Beyond the individual: A systematic review of the effects of unit-level demands and resources on employee productivity, health, and well-being.

Source avec lien : Journal of Occupational Health Psychology, 27(2).

L’objectif de cette revue systématique est de synthétiser les preuves concernant les ressources et les exigences professionnelles au niveau supraindividuel et leurs relations avec la productivité, la santé et le bien-être lié au travail.

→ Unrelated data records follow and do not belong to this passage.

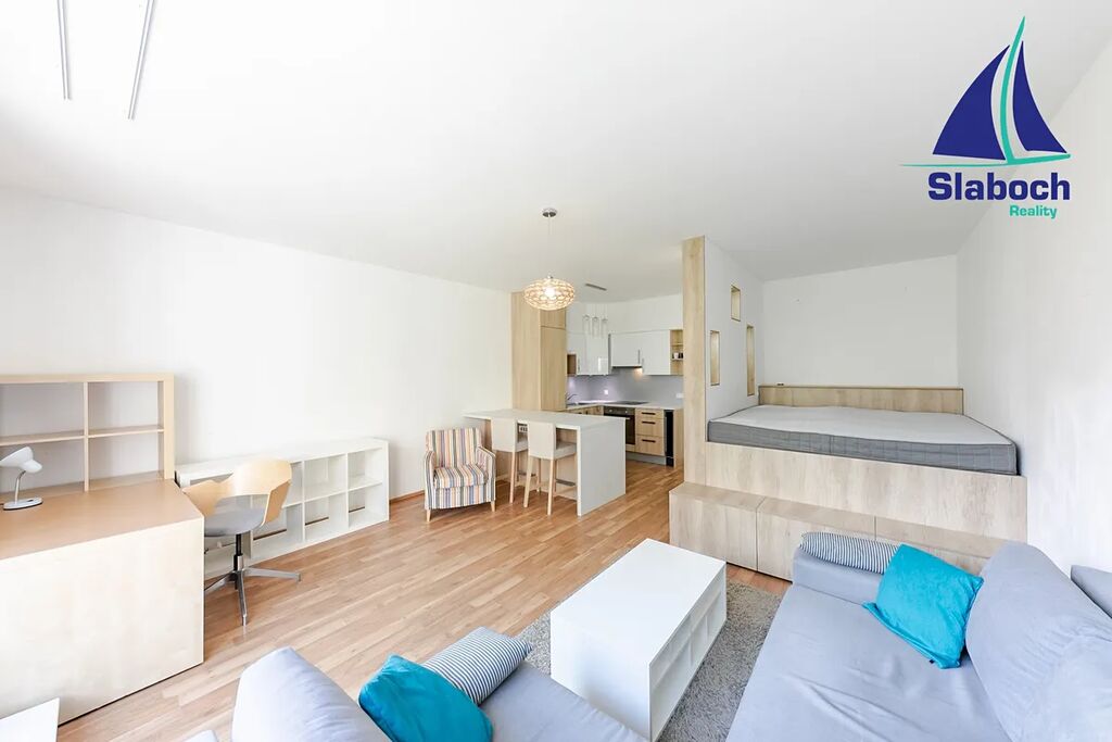 Bytová jednotka se nachází v přízemí (1NP) pětipatrového cihlového domu z roku 2012, byt je ve skvělém stavu, prostorný obývací pokoj (33m2) s kuchyňským koutem včetně moderní kuchyňské linky se spotřebiči, předsíň s úložným prostorem, koupelna s vanou, místem na pračku a toaletou, vstup na skvělou předzahrádku (16m2) s terasou (10m2) je z obývacího pokoje, byt je orientován na východ, do klidného vnitrobloku se spoustou zeleně.
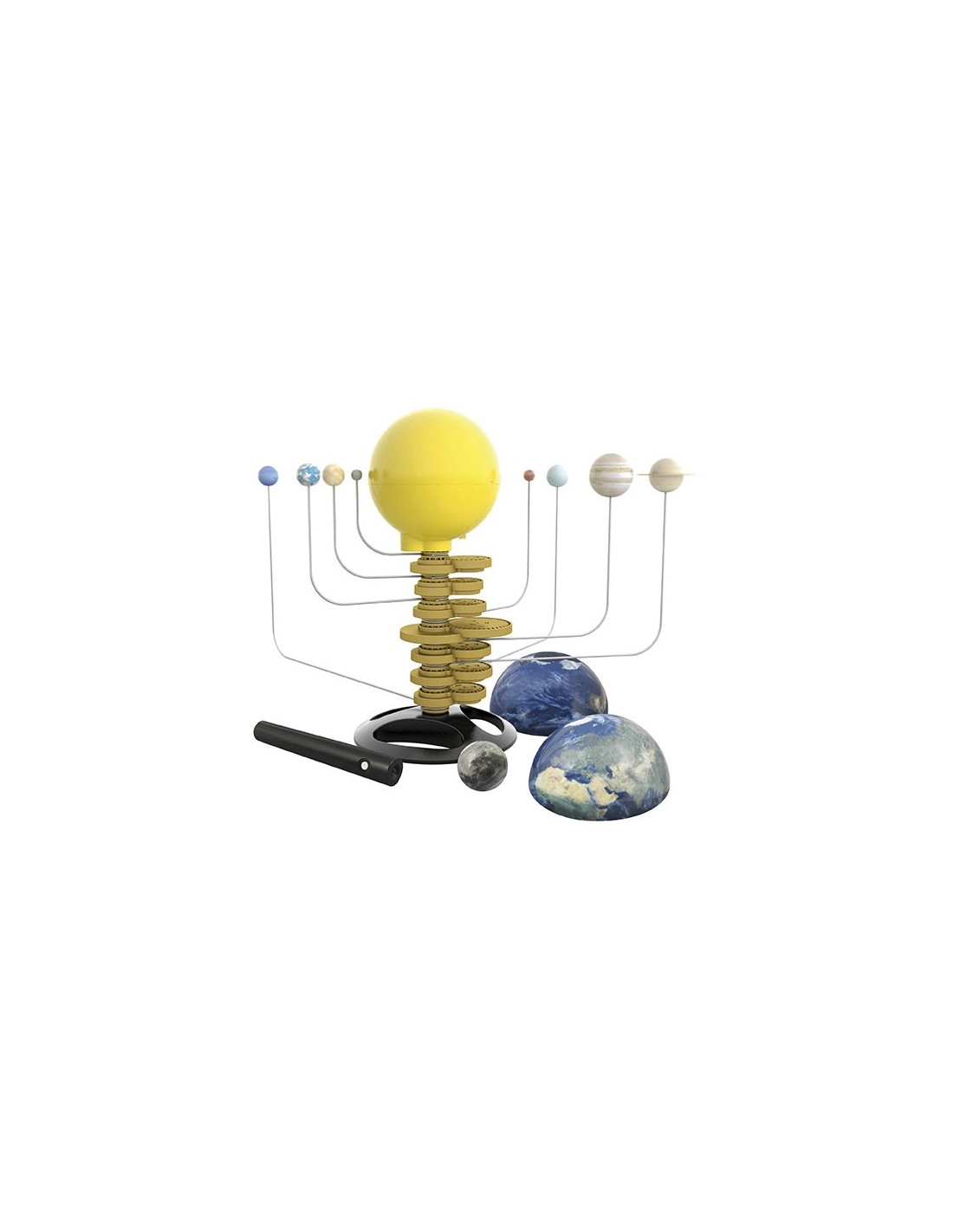 Con este set, los amantes de la astronomía podrán descubrir el sistema solar y sus 8 planetas que giran observando los ciclos de revoluciones pertinentes de una duración total de 35 minutos. El Sol situado en el centro se ilumina a modo de lámpara de noche. Es ideal ya que podrán transformar su modelo colocando la Tierra y la Luna en posición para crear eclipses gracias a la lámpara que se incluye. Edad: A partir de 8 años. Características: - Funciona con 5 pilas de tipo LR03 (AAA), no incluidas - Folleto ilustrado de colores. - Idiomas: francés, español, inglés, holandés, alemán e italiano Dimensiones:
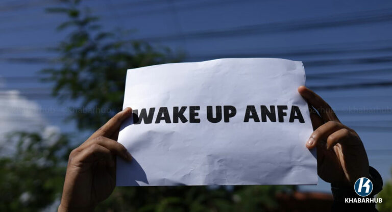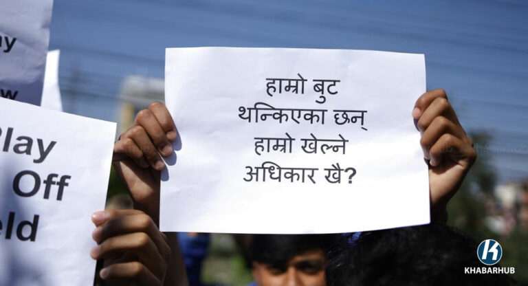 सातदोबाटो, ललितपुरस्थित एन्फा मुख्यालयबाहिर उनीहरूले हाम्रो बुट थन्किएका छन्, हाम्रो खेल्ने अधिकार खै ? लगायत विभिन्न नारा लेखिएका प्ले कार्डसहित प्रदर्शन गरेका हुन् ।
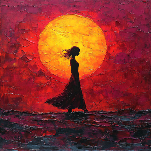 A silhouette of a girl walking against the backdrop of a vibrant sunset. The glowing sun is large and intense, casting deep reds, oranges, and purples across the sky. The girl’s body is shadowed, creating an abstract and atmospheric effect, blending into the sunset. The scene feels warm and mysterious, with a focus on the sun’s powerful glow. --s 750
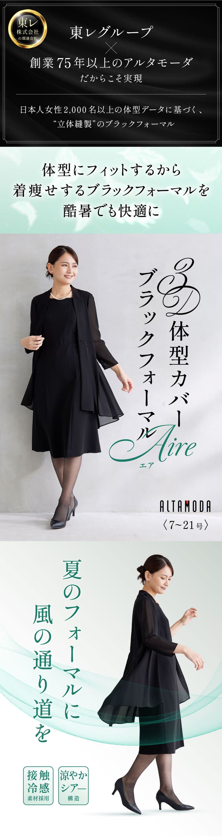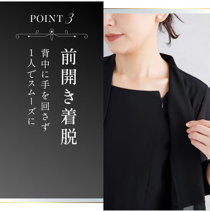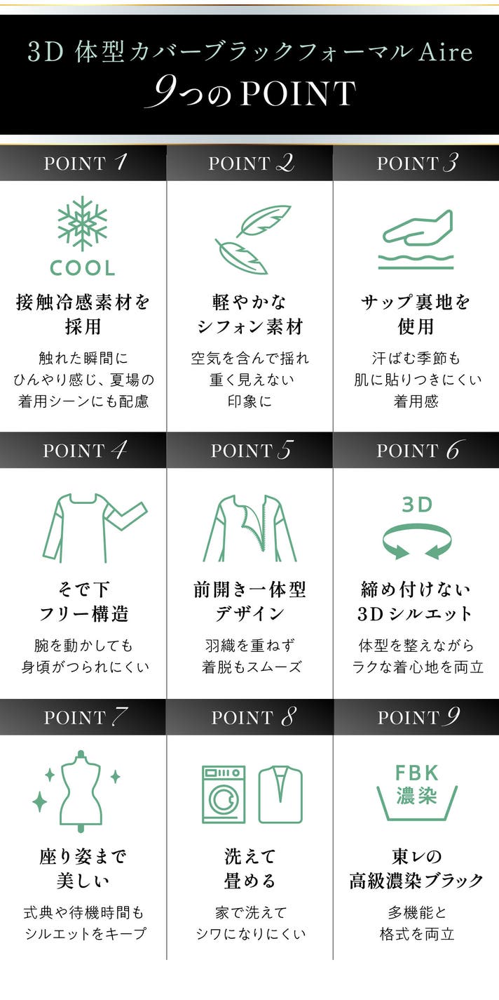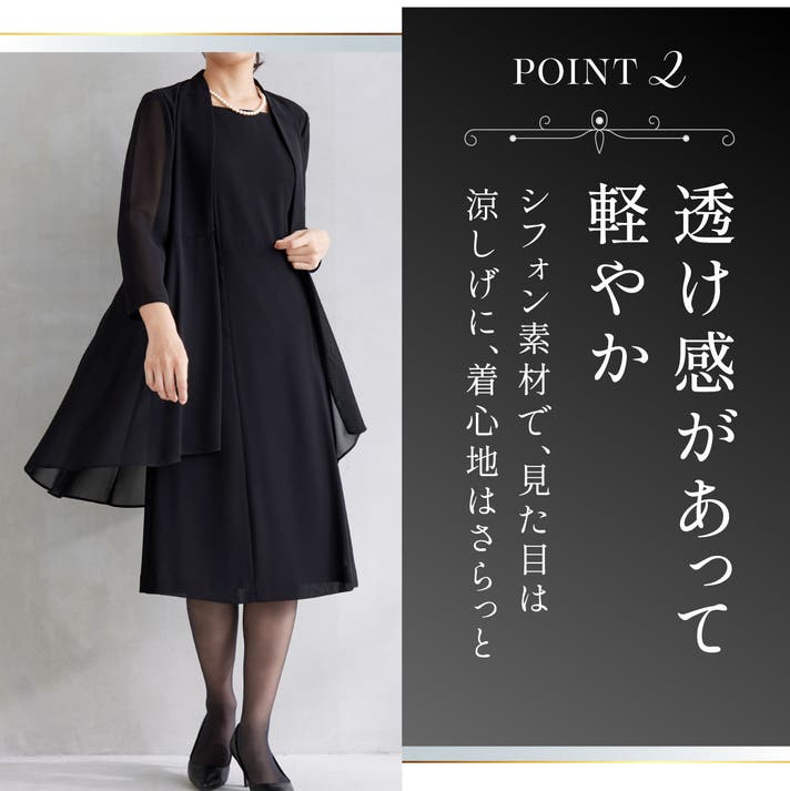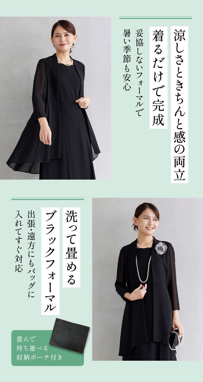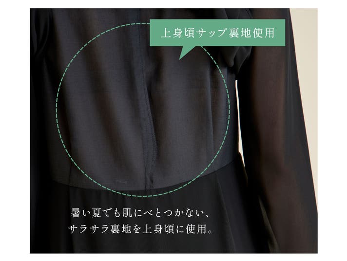 - 【風を通す素材×接触冷感生地採用】肌を隠しても、涼やか。 夏でも快適なブラックフォーマル
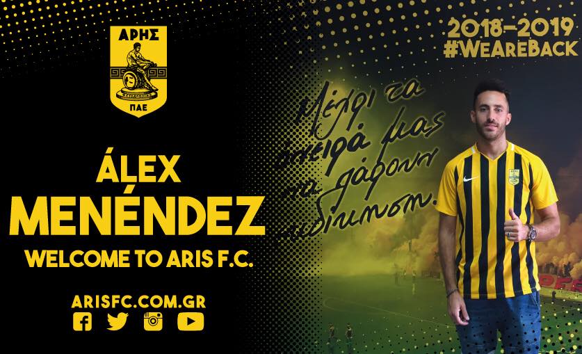 «Η ΠΑΕ ΑΡΗΣ ανακοινώνει την απόκτηση του Alejandro (Alex) Menendez Diez. O 26χρονος Ισπανός πλάγιος μεσοαμυντικός, που υπέγραψε διετές συμβόλαιο συνεργασίας με την ομάδα μας, γεννήθηκε στις 15 Ιουλίου 1991.
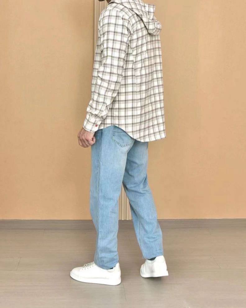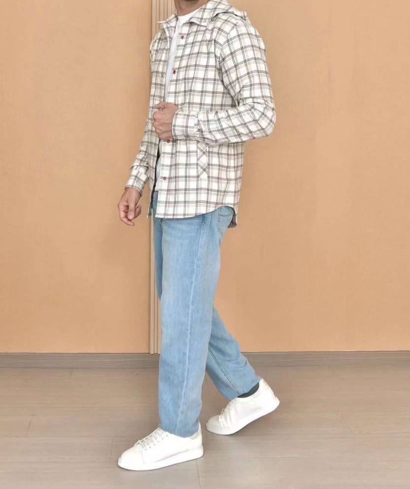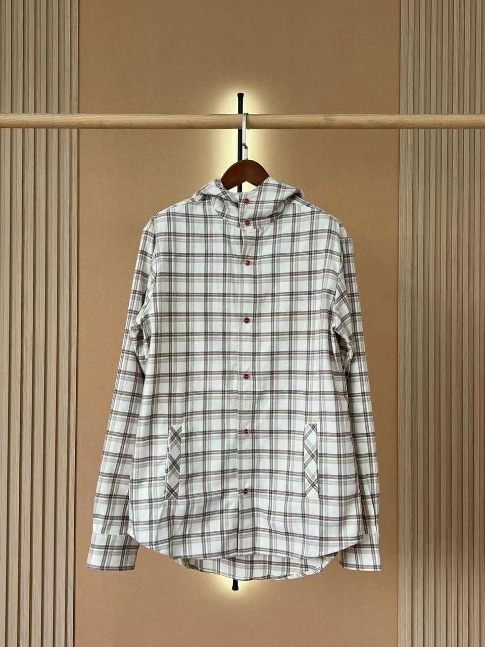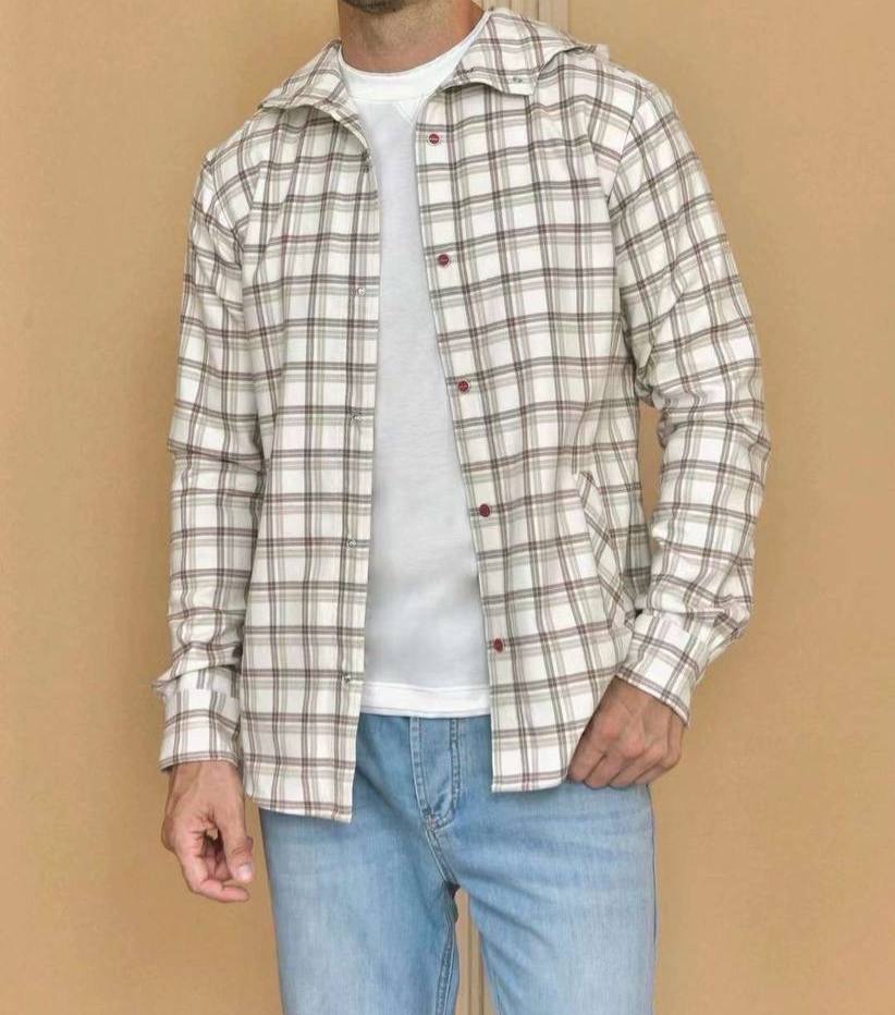 Рубашка Kiton LUX-109869, представленная на изображении, представляет собой рубашку в клетку в классическом стиле. Она выполнена в основном в кремово-белых тонах с клетчатым узором в оттенках коричневого и серого. Рубашка имеет длинные рукава и подходит для повседневной носки.
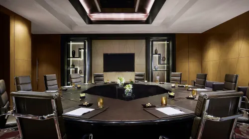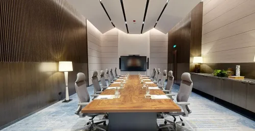 This executive boardroom is designed for strategy meetings, presentations, and private corporate discussions. Wood-panelled walls and a coffered ceiling detail establish a structured architectural setting with a formal, controlled atmosphere.The central... Show More
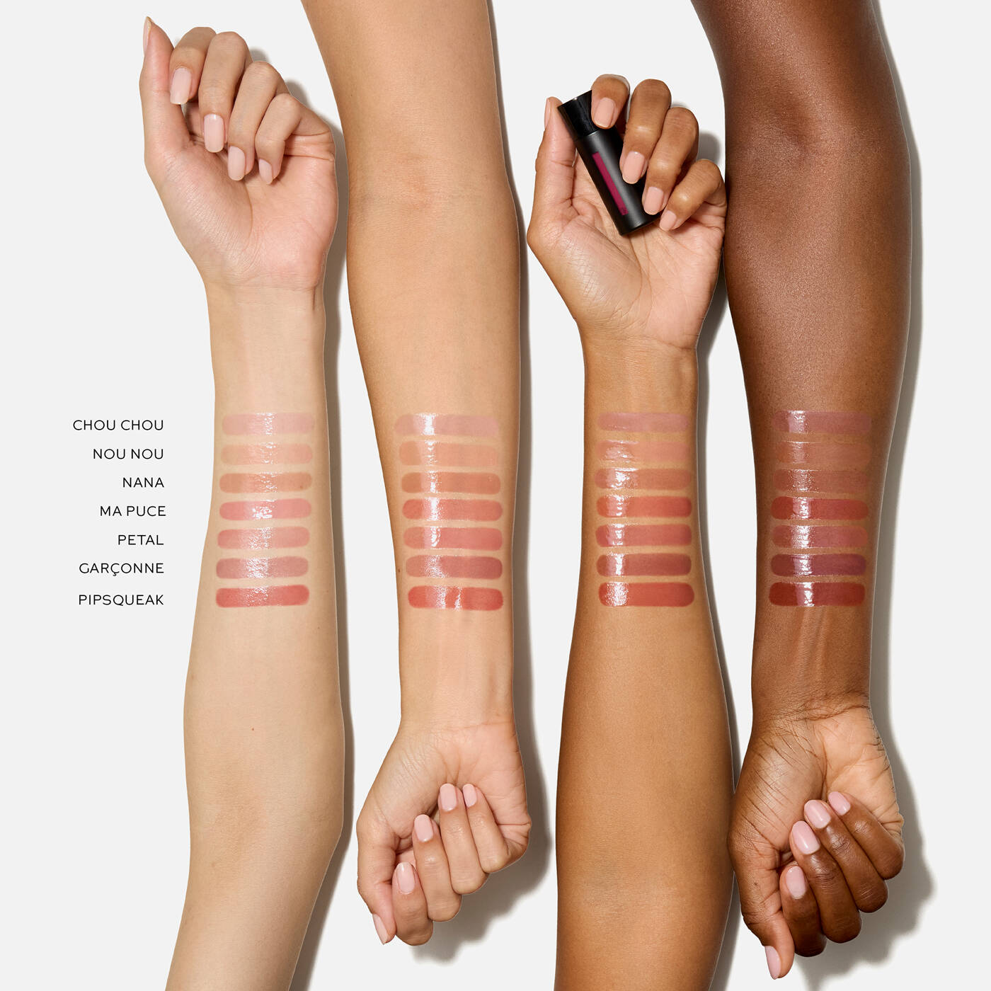 Garconne, Nana, Pipsqueak, Ma Puce, Nou Nou: DIISOSTEAROYL POLYGLYCERYL-3 DIMER DILINOLEATE, RICINUS COMMUNIS SEED OIL / RICINUS COMMUNIS (CASTOR) SEED OIL, OCTYLDODECANOL, PRUNUS AMYGDALUS DULCIS OIL / PRUNUS AMYGDALUS DULCIS (SWEET ALMOND) OIL, HYDROGENATED VEGETABLE OIL, SIMMONDSIA CHINENSIS SEED OIL / SIMMONDSIA CHINENSIS (JOJOBA) SEED OIL, MICA, PARFUM / FRAGRANCE, TOCOPHEROL, BUTYROSPER- MUM PARKII BUTTER / BUTYROSPERMUM PARKII (SHEA BUTTER), ARCANIA SPINOSA KERNEL OIL, HELIANTHUS ANNUUS SEED OIL / HELIANTHUS ANNUUS (SUNFLOWER) SEED OIL, LIMONENE, CITRAL, LINALOOL, CITRONELLOL. May Contain (+/-): Cl 77891 / Titanium Dioxide, Cl 77491 / Iron Oxides, Cl 77492 / Iron Oxides, Cl 77499 / Iron Oxides, Cl 75470 / Carmine, Cl 77742 / Manganese Violet, Cl 15850 / Red 6.
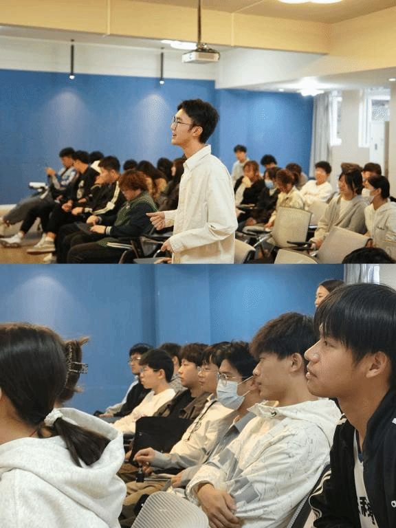 交流会上,首先通过播放片段视频《我是演说家》,抛出问题:成功是什么?“我认为成功是能够拥有房子、车子、票子”“成功是能够做自己”“成功是要有高的社会地位”……争先恐后的回答,和而不同的声音在小石潭多功能室穿梭,视频尾声说到成功是无论有多少人向你兜售所谓的人生经验、现实残酷,你都可以坚定的选择你自己想要的生活,无论多少人对你否定,仍然坚持选择自己喜欢的事情,最遗憾的事情从来不是失败,而是我本可以。随后调研同学们目前的学习与生活状态,答案各有不同,同时也根据切实所需为同学们制定相关主题活动、团日活动、团队建设等,希冀能让他们从中受到启发,找到正确的发展方向,凭借着“我本可以”奔赴热爱与山海!

Creating sustainable employment—that is, a condition in which employees remain productive but also enjoy good health and well-being—is a challenge for many organizations. Work environment factors are major contributors to these employee outcomes. The job demands–resources model categorizes work environment factors into demands versus resources, which are, respectively, detrimental versus beneficial to employee outcomes. Although conceptualized as workplace factors, these job characteristics have been studied mostly at an individual level. Therefore, their roles at the supraindividual level (i.e., any work-unit level above an individual, such as group or organization) for employee productivity, health, and well-being remains unclear. The aim of this systematic review is to synthesize evidence concerning job resources and job demands at the supraindividual level and their relationships to productivity, health, and work-related well-being. The review covers articles published through December 2018. In total, 202 papers met the inclusion criteria. We found stronger support for the beneficial roles of supraindividual job resources than for the detrimental roles of job demands for productivity and work-related well-being. Regarding health, most of the relationships were found to be nonsignificant. To conclude, this review demonstrates that, at the supraindividual level, the motivational path has received more support than the health impairment path. Based on these findings, we provide recommendations for further research and practice.